How Wired kept Google's browser secret
Magazines aren't in the business of breaking news. But had Google PR not inadvertently leaked word of its Google Chrome Web browser, Steven Levy's feature in Wired's forthcoming October issue might have been both the first and last word on the project. It required the Faustian bargain typical of fly-on-the-wall features: Get deep inside the company, in exchange for letting the subject dictate the timing of the story. But this story was trickier than most, since Chrome was still a secret when the issue was under production. Normally, dozens of eyes would fall on the story. How did a magazine's labor-heavy business model intersect with Google's maniacal obsession with secrecy?
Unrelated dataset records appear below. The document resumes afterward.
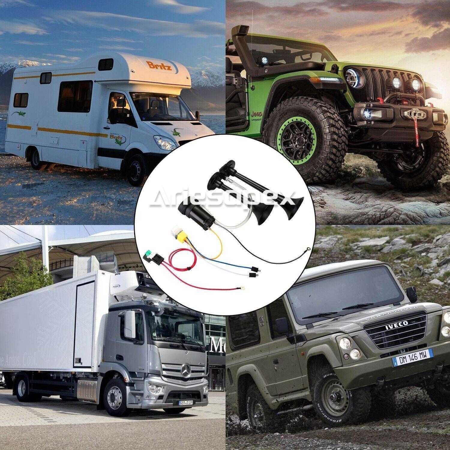 Dual Trumpet Air Horn Compressor Kit is suitable for all 12V vehicles such as cars, boats, trucks, tractors, vans and etc.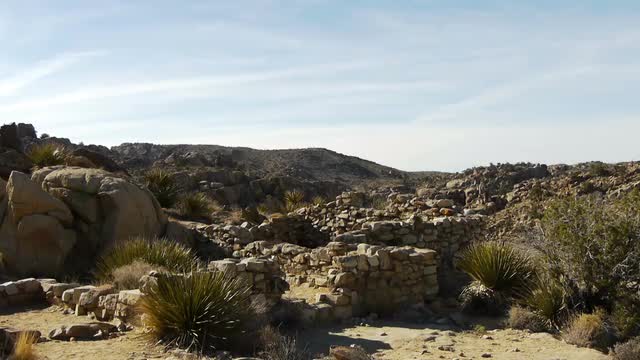 Aerial footage of a beautiful rock face with morning light and joshua trees at it's base.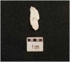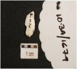 | Description / विवरण | A chert flake with flattened cross section and broken along one end. |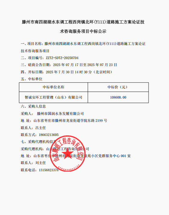 【水发公司】滕州市南四湖湖水东调工程西岗镇北环(Y111)道路施工方案论证技术咨询服务项目中标公示 日期:2025-07-31 点击: 最新推荐 【中润公司】滕州市中润供水有限公司香舍里花园四期闸阀及双偏心法兰蝶阀、球墨铸铁管件、电磁水表采购项目三标段(二次)废标公告 2025-09-11 人气:7 【中润公司】滕州市城乡供水水质提升项目管线下穿枣木高速(S83)、321省道及东木路(10K+472、18K+614)涉路工程咨询服务采购项目谈判公告 2025-09-08 人气:8 【汇通公司】水泥钢边井盖、雨水箅采购项目(二次)竞争性磋商公告 2025-09-08 人气:4 【汇通公司】水泥钢边井盖、雨水箅采购项目流标公告 2025-09-08 人气:2 【水发公司】滕州市水务发展有限公司安全技术咨询服务项目竞争性磋商公告 2025-09-08 人气:10 【国润公司】滕州市南四湖湖水东调工程--采购标招标公告 2025-09-08 人气:5 【国润公司】滕州市南四湖湖水东调工程--监理标,检测标,施工标,其他标招标公告 2025-09-08 人气:5 【中润公司】滕州市城乡供水一体化安全巩固提升工程(一期)监理标、质量检测标、设计施工总承包(EPC)招标公告 2025-09-05 人气:11 【中润公司】滕州市中润供水有限公司第一净水厂厂区标准化提升改造物料制作安装工程采购项目询价公告 2025-09-05 人气:5 【中润公司】滕州市中润供水有限公司西办公楼配电改造工程采购项目询价公告 2025-09-05 人气:3

This was, in some ways, the exact opposite of last year's cover story on "radical transparency." Bob Cohn, Wired's executive editor, explained to Valleywag how they pulled it off:
The trick was we knew it was going to launch sometime in early September, and we wanted to be out with it as close as possible. That meant the story had to close in late August when it was still a huge secret. Both Steven and I had made considerable promises that it wouldn't leak from us. We pledged that we could be trusted with this information in advance so we could produce a long-form magazine story on a monthly cycle.
Cohn set aside space for the feature under a codename, "Go Lego" — an obvious anagram of "Google," but also a plausible topic for Wired to cover. Files were saved in space used for the September issue, because "no one ever looks back at the old issue," says Cohn. Then, Cohn told staffers the fake story was cancelled. "We told people that we're going to pull that story for ad sales reasons, but we're going to keep it on the map for bureaucratic reasons," says Cohn. Those in on the secret prepared a fake table of contents and even a cover. "Only 8 or 10 people knew — not because we don't trust people, but because I and Steven had pledged it would be very closely held," says Cohn. (Wired has a staff of 49, according to the masthead.) "Normally the staff sees the entire magazine. I sent out an email this morning letting people know. A lot of people came into my office surprised there was a story they didn't even know about, words on the cover they hadn't read." Did it ruffle feathers? Perhaps a little, says Cohn: "This morning an editor told me about a story he was working on, and then he said, 'And there's a secret story I can't tell you about.'" What's telling about this episode? There's more at work here than the standard negotiations for a fly-on-the-wall feature, I think. Google's workers are so fervent in their do-gooder convictions — that their viewpoints are reasonable, that their requests for secrecy are normal, that their cause is fair and just — that they can't help being a bit infectious. Google Chrome has a feature that puts the browser in an ultraprivate mode. Here's the question: Can Googlers ever turn off their own secrecy switch?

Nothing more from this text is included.